Once one accepts the bizarre premise of Smith's astonishingly adept, ingeniously plotted debut thriller, the book fulfills every expectation of a novel of suspense, leading the reader on a wild exploration of the banality of evil. Indeed, it is difficult to believe that a tyro writer could have produced so controlled and assured a narrative. When Hank Mitchell, his obese, feckless brother Jacob and Jacob's smarmy friend Lou accidentally find a wrecked small plane and its dead pilot in the woods near their small Ohio town, they decide not to tell the authorities about the $4.4 million stuffed into a duffel bag. Instead, they agree to hide the money and later divide it among themselves. The "simple plan'' sets in motion a spiral of blackmail, betrayal and multiple murder which Smith manipulates with consummate skill, increasing the tension exponentially with plot twists that are inevitable and unpredictable at the same time. In choosing to make his protagonist an ordinary middle-class man—Hank is an accountant in a feed and grain store— Smith demonstrates the eerie ease with which the mundane can descend to the unthinkable.
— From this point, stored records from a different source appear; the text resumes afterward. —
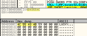 И при срабатывании BPX видим, что в EBX помещается содержимое памяти по адресу 40300C. Смотрим через DUMP.
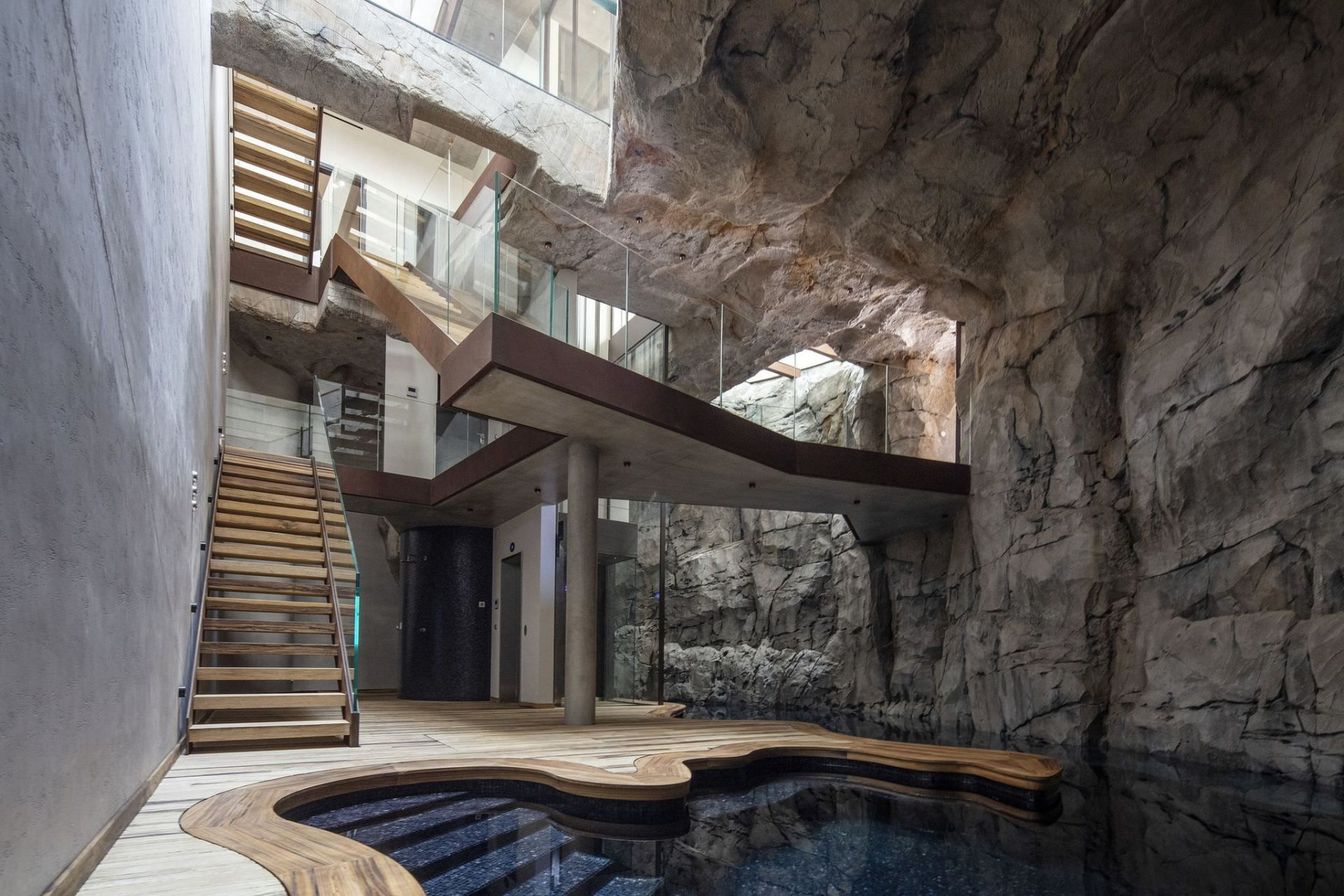 Площадь пятиэтажной виллы — около 500 м². Внутри — три спальни, три ванные комнаты, кухня и гостиная. Есть подземный бассейн, напоминающий природное озеро, хаммам, террасы, гараж и стеклянный лифт, который соединяет уровни.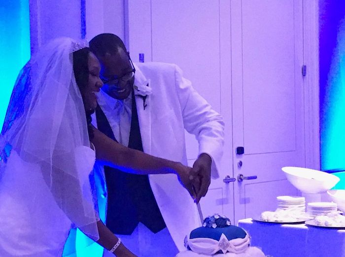 Wedding cake provided by Sweets by LaDawn located in Cincinnati, Ohio. This a three tier pillow cake in colors blue, white and silver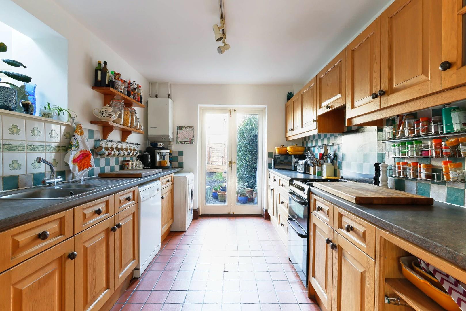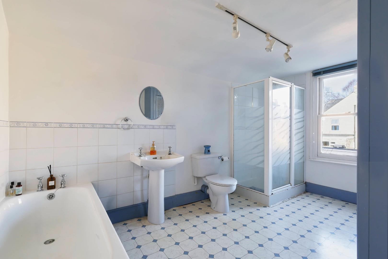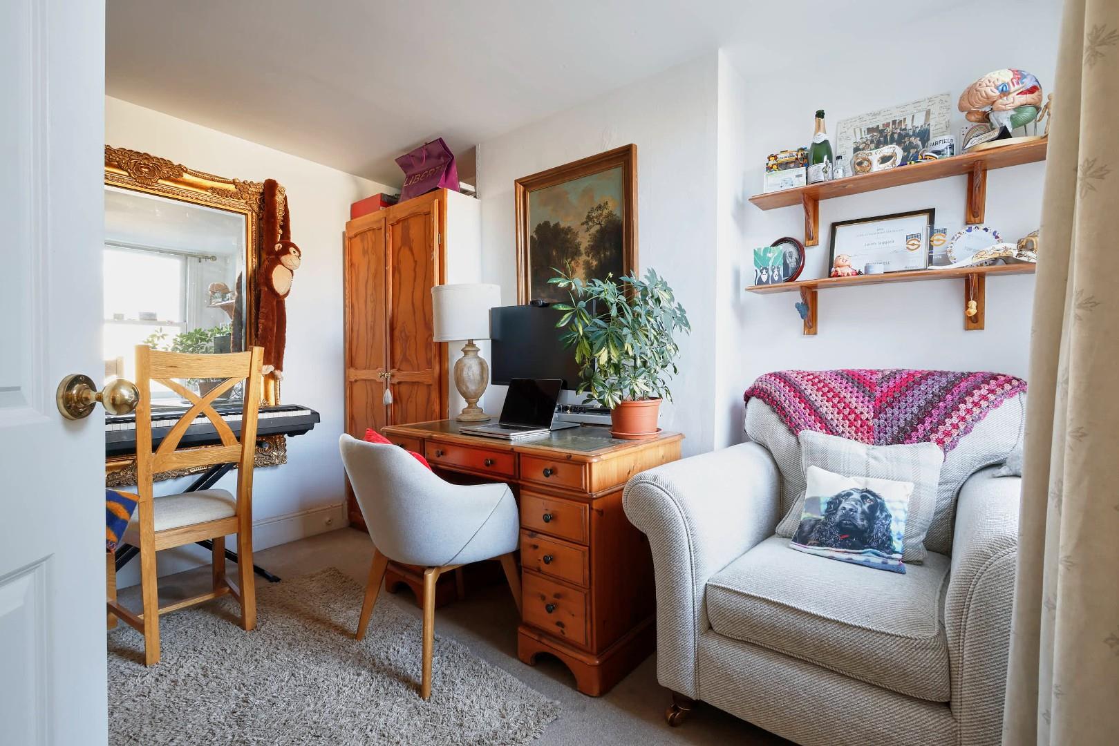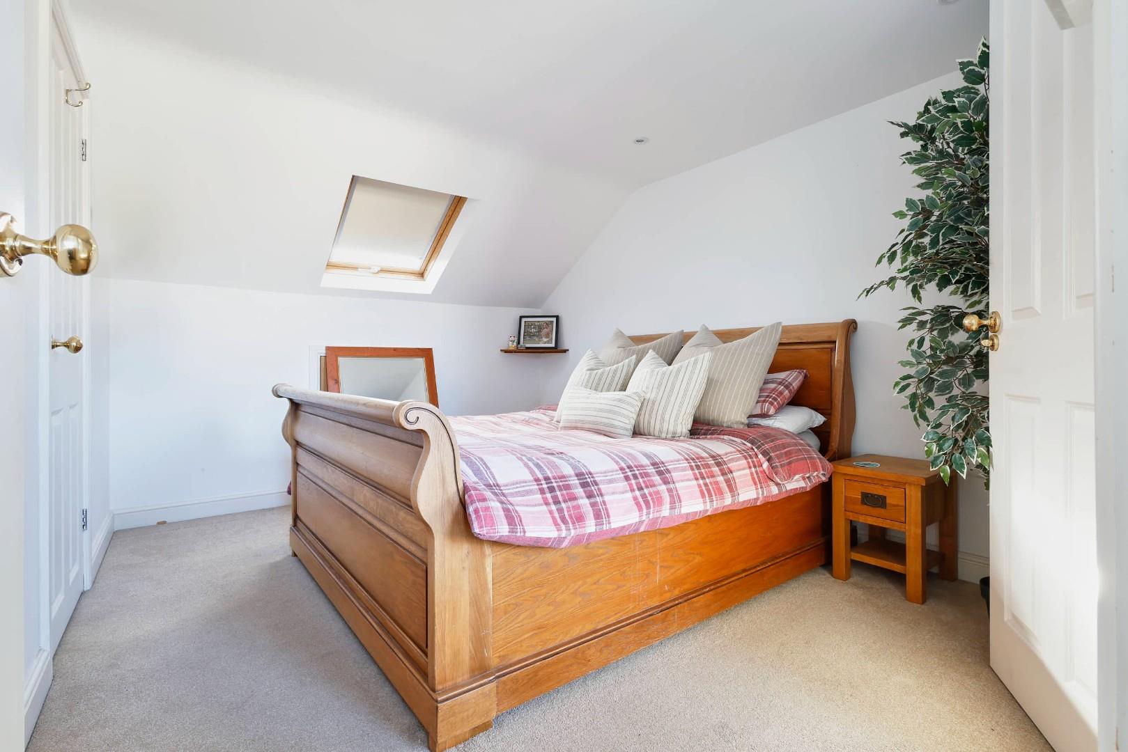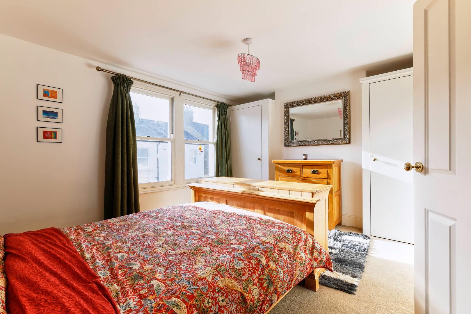 Upstairs, the accommodation is arranged over two floors, the first housing two double bedrooms and a large bathroom, which has been fitted with a white suite, including a separate bath and shower. The final bedroom is on the second floor and has an ensuite shower room, along with a built-in storage cupboard.
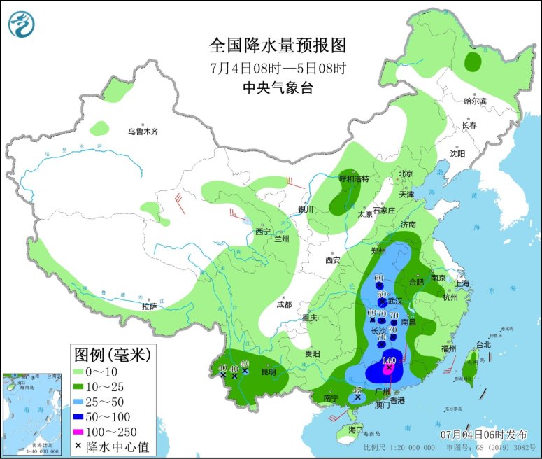 7月4日08時(shí)至5日08時(shí),廣東大部、廣西東部、湖南中東部、江西西部和南部、湖北中部、河南東部等地部分地區(qū)有大到暴雨,其中,廣東北部等地部分地區(qū)有大暴雨(100~140毫米)。內(nèi)蒙古西部、甘肅西部、青海北部、東北地區(qū)南部、江南中部、華南東部等地的部分地區(qū)有4~6級(jí)風(fēng);東海北部海域有6~7級(jí)、陣風(fēng)8級(jí)的旋轉(zhuǎn)風(fēng),東海南部海域、臺(tái)灣海峽、北部灣、南海北部和中部海域有5~6級(jí)、陣風(fēng)7級(jí)的偏南到西南風(fēng)。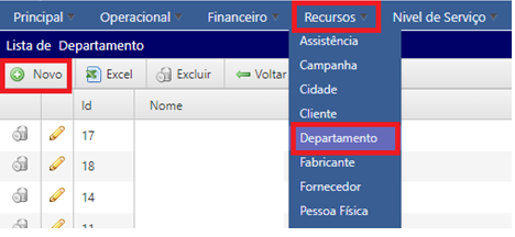 Para cadastrar um novo cliente acesse: Recurso > Departamento > Novo
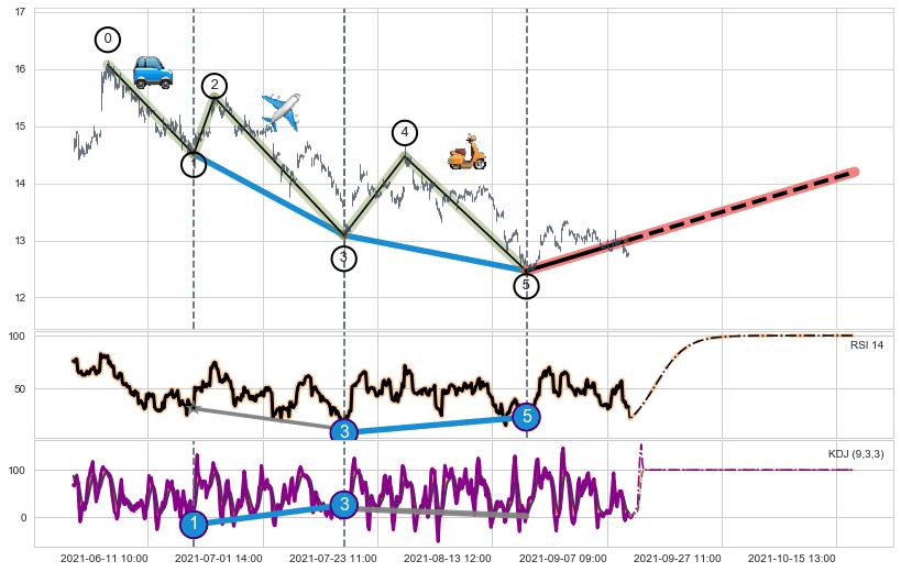 ➣ 第一, 三驱动浪端点:【KDJ】走势出现【常规背离 & 反转信号】背离程度55.90%,背离夹角角度82.8˚,背离程度中等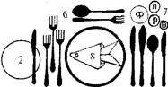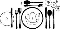 1. Сервировочная и закусочная тарелки. 2. Пирожковая тарелка с ножом для масла. 3. Столовый прибор.4. Закусочный прибор. 5. Рыбный прибор. 6. Десертные ложка и вилка. 7. Фужер, рюмки: рейнвейная, лафитная, водочная.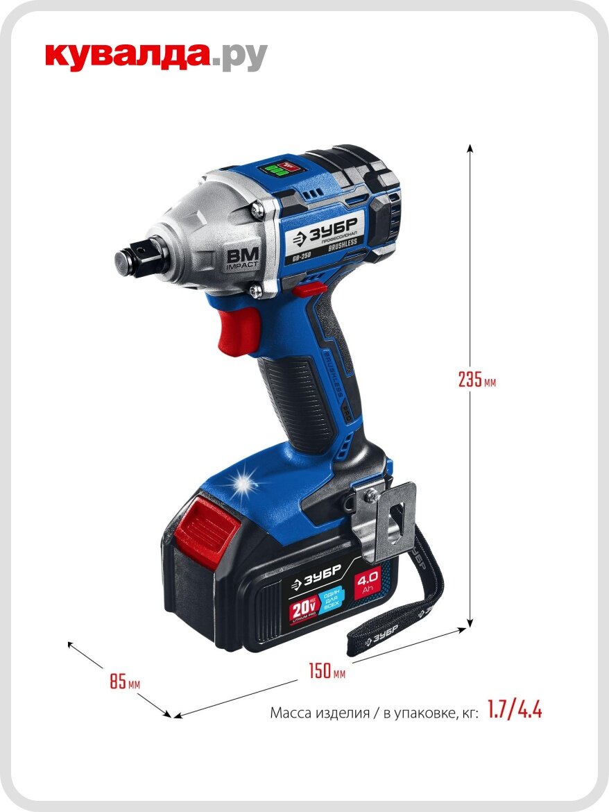 Приобретите аккумуляторный гайковерт ЗУБР ГБ-250-42 и убедитесь в его мощности и надежности! Работайте профессионально, работайте с ЗУБР!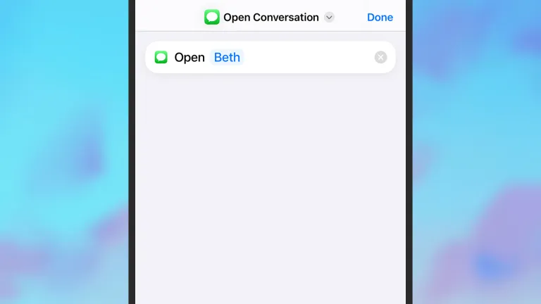 تعمل ميزة نظام آي أو إس 18.4 الجديدة هذه من خلال تطبيق الاختصارات، لذا توجه إلى هناك أولاً. اضغط على الرمز "+" في الزاوية العلوية اليمنى، ثم ابحث عن اختصار "افتح المحادثة" في مربع النص. عندما يظهر الرابط، اضغط لتحديده.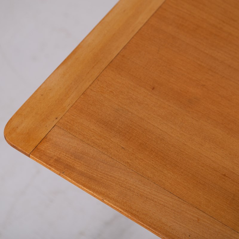 This works well not only as a table but is the perfect size for a work desk. The piece sits in good order with sensible day to day wear, nothing off putting and has enjoyed a session in our workshop. We have a paper workshop label to the underside of the top. The top does unscrew if space is tight for placing.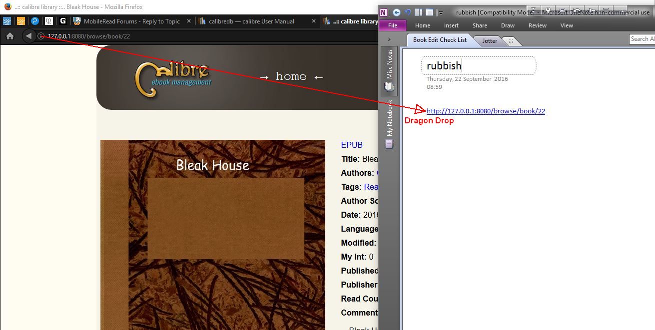 But in actual fact what I do is right click the page and copy the Rich HTML link and paste that - its one of the options of the CoLT extension. For that book it looks like "..:: calibre library ::.. Bleak House"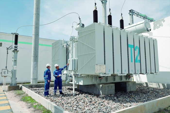 在哈薩克斯坦札納塔斯100MW風電項目,工作人員檢查風電場變壓設備。 圖源:新華社

Hank commits the first murder to protect his brother and their secret; he eerily rationalizes the ensuing coldblooded deeds while remaining outwardly normal, hardly an obvious psychopath. Smith's imagination never palls; the writing peaks in a gory liquor store scene that's worthy of comparison to Stephen King at his best.
Publishers Weekly


In the opening pages of this riveting first novel, Hank Mitchell is heading down a snowy road with his brother Jacob and a friend, intent on visiting his parents' grave. After chasing Jacob's huge dog through the woods, the three men stumble upon a tiny plane whose pilot is dead. The plane holds another surprise—a bag containing $4 million. Upright Hank resists taking the money but finally thinks up a "simple plan'' that will protect them if anyone suspects them of stealing. Once Hank veers from the straight and narrow, however, nothing is simple. Unnerved by his somewhat slow-witted brother's panic, distrustful of thief-in-arms Lou, Hank commits a murder—and is launched upon a bloody downward spiral that carries the reader quickly to the end of the book. Buttoned-downed Hank ultimately proves to be made of poorer stuff than his scruffier compatriots, and his carefully reasoned descent into crime is shocking. Occasionally, it seems a bit too pat—the reader is left wondering whether anyone could commit so many crimes without moral upset—but ultimately this should prove popular reading.
Library Journal


A fairy-tale windfall blasts the lives of two brothers, determined to do whatever it takes to hold onto the money, in Scott's electrifying first novel. On their way to visit their parents' graves in rural Ohio, Hank Mitchell and his brother Jacob, together with Jacob's no-account pal Lou, find a downed plane, a dead pilot, and four million dollars. After briefly considering turning the money over to the authorities, they decide to let Hank keep it for six months to see whether anybody comes looking for it--believing in their innocence that if nobody does, they'll be safe in spending it. But the very next day, when Hank and Jacob are back at the plane to make sure they haven't left any traces of their presence, they're forced to kill a witness to their discovery. When Lou finds out and begins to blackmail Hank for advances on his share of the loot, Hank's surprisingly resourceful wife Sarah comes up with a scheme to shut his mouth—a scheme that ends, inevitably, in more violence, as Hank keeps killing to protect his family's stake in the American dream, the secrets of his earlier murders, and his sense of himself as normal "despite everything I've done that might make it seem otherwise." By the time the horrific plot has wound down, nine people have died, with more deaths (the Mitchell parents, seven victims in a Detroit kidnapping) hanging heavily over the story. Yet Smith infuses each new twist of violence with shocks of unexpected pity, as Hank, devastated by the killing, keeps drifting back to the rationale he and Sarah share: He had to do it, it wasn't his fault. An eerily flat confessional whose horror is only deepened by its flashes of tenderness. Think of a backwater James M. Cain, or a contemporary midwestern Unforgiven—and don't think about getting any sleep tonight.